Miles removed a couple other sweaters from the stack, shoved all of them in the back of a bottom empty cabinet and crossed his arms. “There’s wool socks somewhere in here too,” he said. “Mom had like a million pairs.”

“Are you sure-” I began to ask.

He cut me off. “It sucked,” he said. “When they died. Flora didn’t really get it.”

Without thinking, I went to put a hand on his shoulder. Miles winced, slipped away from me. “Sorry,” I said, resolutely not offended. “That must’ve been hard.”

“It was fine,” he said, a lie, and then clarified. I let myself think it was because of our agreement. “I try not to think about it.”

“If you want to, I’m here to listen.”

Miles just rolled his eyes. “Nice,” he said. “Casual, I didn’t even notice.”

“Okay, smart aleck,” I frowned, and he snorted. It was light, we were connecting. But as I piled up pairs of socks to borrow, I noticed him go still again. He tried to pretend nothing was wrong, I only caught the end of an expression but I could still tell what it meant. He’d seen something, I hadn’t. And for the rest of the night he was sullen.


	7. The Man in the Moon

I’m sure you remember our conversation last year, only a week or so before Halloween, where you started by telling me I was exaggerating the amount this house was haunted for dramatic effect and ended by telling me I was in danger.

“People don’t see ghosts! Especially not the same one for THREE GODDAMN MONTHS!” you said, with more emphasis than I can convey. I think I defended myself weakly, said something about the fact that I’d gone to a tarot reader that one time and in general was more of a believer in that sort of thing so I’d figured I was making it up. I just remember your reply vividly. “I don’t care if you believe in the Easter Bunny. You don’t have visions of him glaring at you and threatening kids!”
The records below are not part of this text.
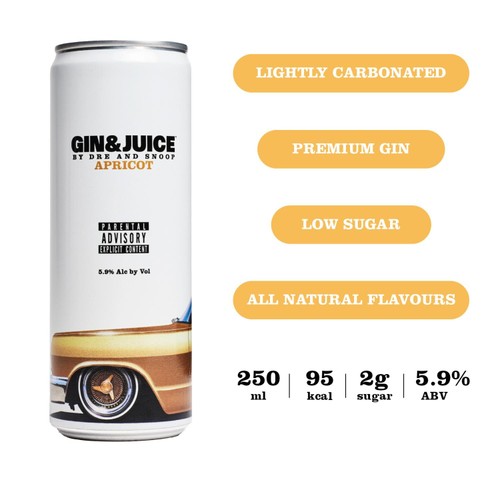 Experience Gin & Juice by Dre & Snoop, a lightly carbonated beverage made with real fruit juice and premium gin. These ready-to-drink options offer a sophisticated flavour profile crafted from high-quality components for immediate enjoyment.
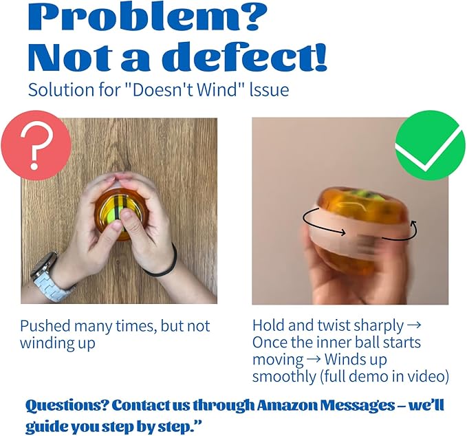 - 【What's in the Box – All Checked & Complete】 ✔ 1× Gyro Ball (No Counter) ✔ 1× Finger Resistance Band ✔ 1× Safety Rope ✔ 1× Instruction Manual Still unsure how to use it? 📺 Watch the quick tutorial video on this page to learn in 30 seconds.
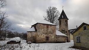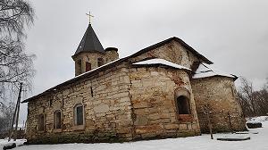 Напротив старого городища, на высоком левом берегу Шелони, стоит древняя церковь Рождества Богородицы. Известно, что в 1584 году здесь был женский монастырь [Лебедев, 1887, с.17], и, вероятно, храм монастырский изначально. Существует предположение, выдвинутое по результатам обследования церкви в 1992 году [Седов, 2001], что временем её постройки могло быть начало XIV или даже конец XIII века. И.В. Антипов склоняется в пользу более поздней датировки - середина - третья четверть XIV века [Антипов, 2013], но, в любом случае, ранее каменной Порховской крепости.
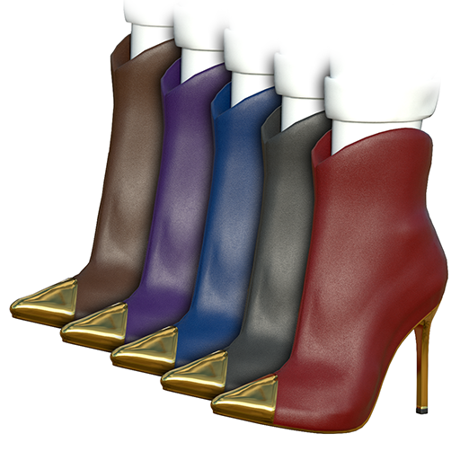 Ultra-sexy leather ankle boot rises to incredible heights on a spiked metal stiletto heel, with a matching metal toe cap. The boot leather contrasts the metal details in a fabulous style. These boots will turn heads for sure! Bundle includes 5 pairs of boots for female avatars. Features high quality model and advanced materials.
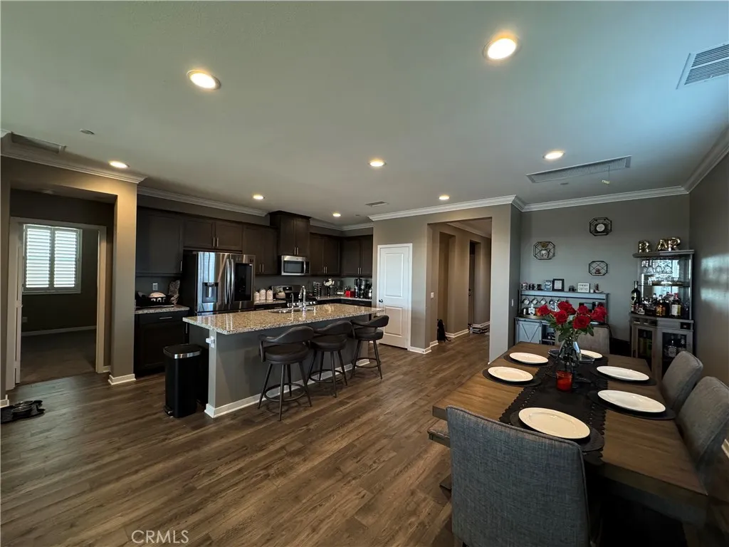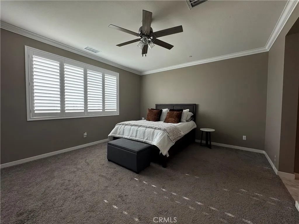 *****PAID SOLAR SYSTEM**** Motivated Seller! Welcome to this spectacular single-story family home inside the highly sought-after Olivewood gated community. From the moment you step inside, you are greeted by an open floor plan with soaring ceilings, elegant crown molding, and shutters throughout the entire home. This residence offers three spacious bedrooms and two and a half bathrooms, designed for both comfort and style. The home is thoughtfully equipped with premium features including a paid-off solar system, a whole-home water softening system, a tankless water heater, and rain gutters. The extended driveway provides ample parking space, while the desirable backyard offers a partially landscaped setting with plenty of potential to create your dream outdoor retreat. Sitting on a premium corner lot at the end of a cul-de-sac, this home offers both privacy and curb appeal. Conveniently located between the 10 and 60 freeways, commuting is effortless. The Olivewood community elevates the lifestyle with two resort-style pools, a beautifully designed clubhouse, fire pits, parks, scenic walking trails, and sports courts for both basketball and volleyball. This home blends luxury, functionality, and location into one exceptional opportunity. Don't miss the chance to make this your future home. Schedule your private tour today!

That was sort of the crux of the matter. It changed everything. Gave me permission to trust that I was understanding what was happening. I watched Flora ignore the spirit in the corner of a room, watched Miles retreat into himself under the supernatural supervision, and I formulated a plan.

It began at dinner one day. “I have a question,” I began, and the kids looked at me. “Are there any stories about this house being haunted?”

Miles went pale, and Flora bit her lip. Mrs. Grose was the one who spoke, assuring me there were no such tales. Innocently, I asked again, this time the children in particular. Had they ever seen anything? Flora lied, she said she hadn’t, but Miles said nothing.

Notable. Interesting.

I was in the shower that night when there was a knock on the door. “I’m in here,” I called, and heard nothing further. So I finished my shower and got out, wrapping the towel around me. Then there was another knock, and I frowned. “One second.” I pulled on my underwear and sleep pants, yanked a T-shirt over my head and opened the door a crack. It was Miles, waiting out in the hall.

“Everything okay?”

“Can I come in?” he asked. He sounded strange.

It was a testament to how our relationship had progressed that I let him in. He averted his eyes without needing to be asked while I pulled my sweatshirt on, and leaned against the door with his arms crossed again. “Were you waiting out there?” I said with a frown.

“I need to talk to you,” he answered, and then proceeded to say exactly nothing.

At first, I figured it was dramatics. I toweled my hair off while I waited, so it would stop dripping down my back. “And the bathroom is the place this had to happen?” I finally asked, to prompt him.

“Nobody can hear us in here,” he said, reluctant and hating to explain.

So it wasn’t just in my head, I remember thinking victoriously. We were being observed. “Tell me what I need to know,” I said, and I have to say, I felt so relieved at the prospect of a mission that I almost felt guilty.

It was also what he needed to hear. Miles took a deep breath, then let it out unevenly. “Don’t ask about ghosts,” he said. “Don’t look right at him either. It makes him more real.”

“Really?”

He nodded. “You looked at him when you were in my room that night, and he pushed you.”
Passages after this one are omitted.